(Dataset items)
::::::
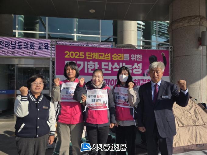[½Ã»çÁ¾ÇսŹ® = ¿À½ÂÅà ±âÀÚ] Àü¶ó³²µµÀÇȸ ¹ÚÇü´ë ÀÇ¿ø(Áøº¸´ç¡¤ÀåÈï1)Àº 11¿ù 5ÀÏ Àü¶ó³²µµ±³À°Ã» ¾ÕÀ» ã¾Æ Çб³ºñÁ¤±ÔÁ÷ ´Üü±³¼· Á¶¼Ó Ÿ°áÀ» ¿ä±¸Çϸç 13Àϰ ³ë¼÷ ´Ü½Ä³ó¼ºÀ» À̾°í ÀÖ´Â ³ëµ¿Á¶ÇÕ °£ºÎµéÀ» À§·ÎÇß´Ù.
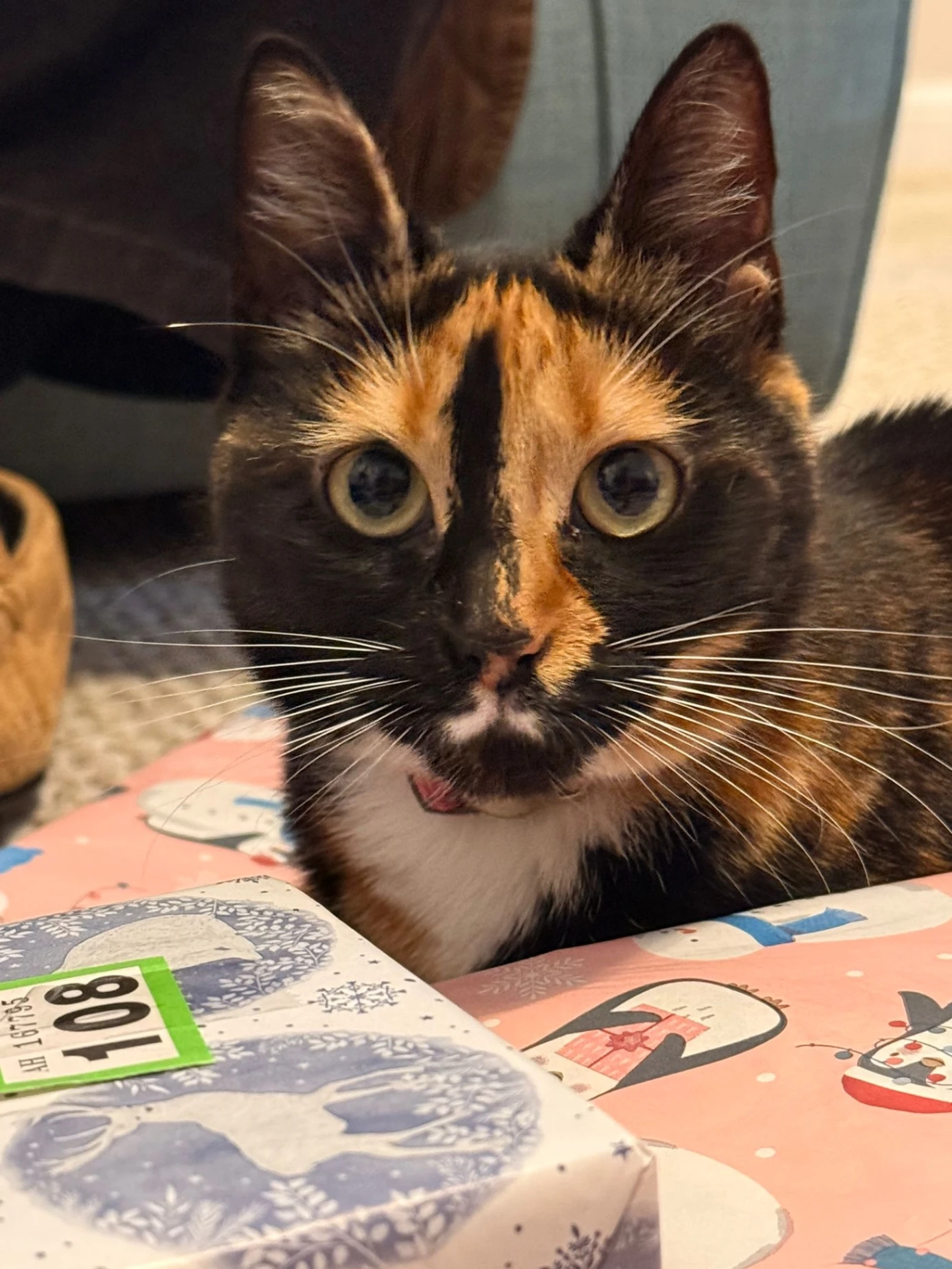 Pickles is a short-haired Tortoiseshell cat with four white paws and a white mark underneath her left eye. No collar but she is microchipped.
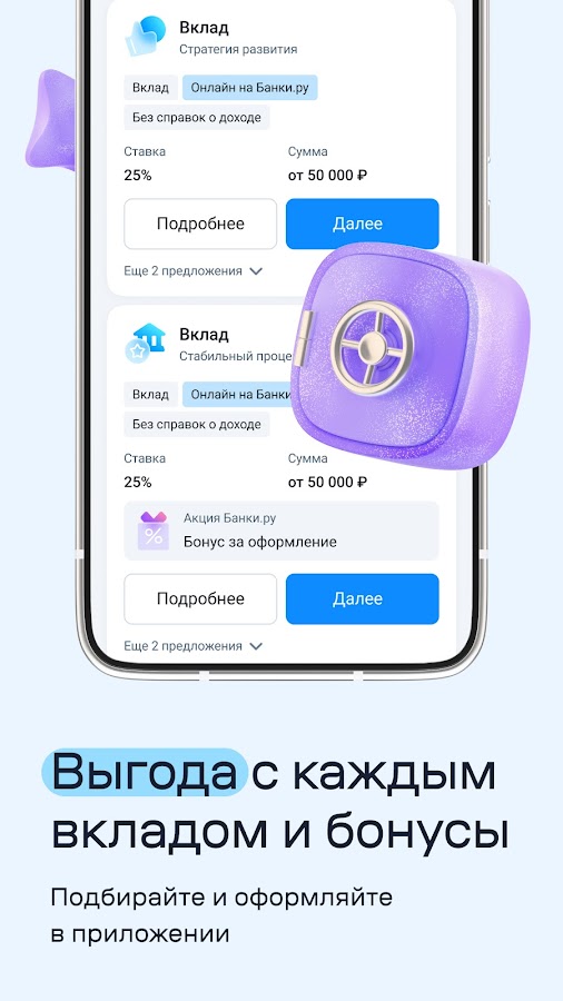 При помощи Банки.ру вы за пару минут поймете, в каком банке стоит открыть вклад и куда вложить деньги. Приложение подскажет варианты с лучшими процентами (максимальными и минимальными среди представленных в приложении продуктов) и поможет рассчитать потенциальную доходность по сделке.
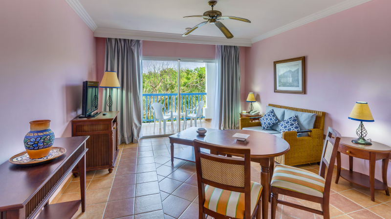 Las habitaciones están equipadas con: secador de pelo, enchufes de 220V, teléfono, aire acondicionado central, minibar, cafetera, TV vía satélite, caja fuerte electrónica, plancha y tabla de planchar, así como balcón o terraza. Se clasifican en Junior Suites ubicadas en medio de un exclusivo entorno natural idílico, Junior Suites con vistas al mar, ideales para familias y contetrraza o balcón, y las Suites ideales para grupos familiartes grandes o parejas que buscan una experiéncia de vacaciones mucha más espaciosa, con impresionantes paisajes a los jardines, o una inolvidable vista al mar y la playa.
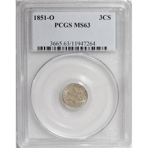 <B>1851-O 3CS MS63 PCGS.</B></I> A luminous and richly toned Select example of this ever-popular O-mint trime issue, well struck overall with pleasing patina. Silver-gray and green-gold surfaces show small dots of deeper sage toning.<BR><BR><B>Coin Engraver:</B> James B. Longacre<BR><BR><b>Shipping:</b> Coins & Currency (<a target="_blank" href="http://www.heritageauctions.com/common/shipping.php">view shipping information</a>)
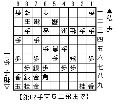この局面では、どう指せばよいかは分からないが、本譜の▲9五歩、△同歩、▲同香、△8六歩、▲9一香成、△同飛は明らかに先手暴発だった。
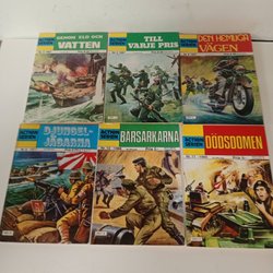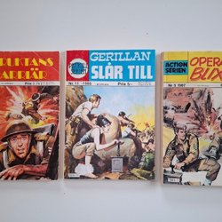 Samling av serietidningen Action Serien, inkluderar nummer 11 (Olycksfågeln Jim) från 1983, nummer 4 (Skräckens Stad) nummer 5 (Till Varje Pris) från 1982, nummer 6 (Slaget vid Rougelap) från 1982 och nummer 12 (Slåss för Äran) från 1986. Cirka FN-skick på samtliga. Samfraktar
::::::
* EXERCISE AIM *
With the pictures omitted, restate word for word the lines above from the line that has "Pickles is a" up to and including the line that has "При помощи Банки.ру", and no other lines.

* ANSWER BELOW *
 Pickles is a short-haired Tortoiseshell cat with four white paws and a white mark underneath her left eye. No collar but she is microchipped.
 При помощи Банки.ру вы за пару минут поймете, в каком банке стоит открыть вклад и куда вложить деньги. Приложение подскажет варианты с лучшими процентами (максимальными и минимальными среди представленных в приложении продуктов) и поможет рассчитать потенциальную доходность по сделке.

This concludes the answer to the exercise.